Columns that do not provide data of interest are eliminated.

In [8]:
df_purchases = df_purchases.drop(columns=["supplier_order_id","position_supply","supply_id","discount","pending",
                    "deliv_date_1","deliv_quant_1","deliv_note_1",
                    "deliv_date_2","deliv_quant_2","deliv_note_2",
                    "deliv_date_3","deliv_quant_3","deliv_note_3"])

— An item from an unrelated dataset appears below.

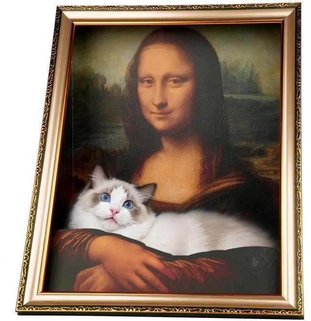 Why Choose Oxfraki Monalisa Cat Bed? Elevate your cat's space with our 3-in-1 Monalisa Cat Bed. Combining a cozy bed, durable scratcher, and stylish art piece, its designed for both comfort and décor. With a pre-assembled, screw-secured frame, setup is easyno glue, no mess. Made from eco-friendly cardboard. The perfect gift for cat lovers, offering a vibrant 3D art design that enhances any home. Package Contents Background Image Front Panel Image Cardboard Cat Scratcher Photo Frame 2-sided Tape Assembly Instructions 1.Fold along the creases as shown. 2.Apply double-sided tape and peel off backing. 3.Fold and secure both sides inward. 4.Flip and press firmly. 5.Fold "flaps" inward and secure with tape. 6.Place the background (no tape needed). 7.Place the scratcher sideways with the groove inward. 8.Apply double-sided tape to the front panel. 9.Stick the background to the base. 10.Peel off the frame backing. 11.Align corners and press for 10 seconds. 12.Your cat scratcher is ready!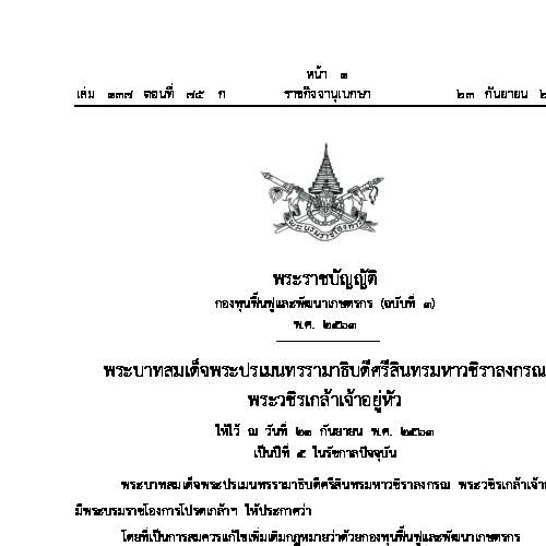| คำสำคัญ : กฎหมาย, ราชกิจจานุเบกษา, พระราชบัญญัติกองทุนฟื้นฟูและพัฒนาเกษตรกร (ฉบับที่ ๓), พระราชบัญญัติ, พ.ร.บ. |

Fill data for items not delivered with the last day of working before christmas holidays

In [9]:
df_purchases['delivery_date'] = df_purchases['delivery_date'].fillna(pd.Timestamp('2024-12-20'))

Change the order of columns in dataframe

In [10]:
new_column_order = ["order_date", "delivery_date", "supplier_name", "supply_reference","unit_value","quantity"]
df_purchases = df_purchases[new_column_order]


Calculation of the relative change in the unit price of a product compared to previous purchases

In [11]:
df_purchases = df_purchases.sort_values(by=['supply_reference', 'order_date'])

# Calculate the previous unit price for each product
df_purchases['previous_unit_value'] = df_purchases.groupby('supply_reference')['unit_value'].shift(1)

# Calculate the rate of change in the unit price
df_purchases['price_change_rate'] = ((df_purchases['unit_value'] - df_purchases['previous_unit_value']) / df_purchases['previous_unit_value']) * 100

# Fill the NaN values (which appear for the first purchase of each product) with 0 or an appropriate value
df_purchases['price_change_rate'] = df_purchases['price_change_rate'].fillna(0)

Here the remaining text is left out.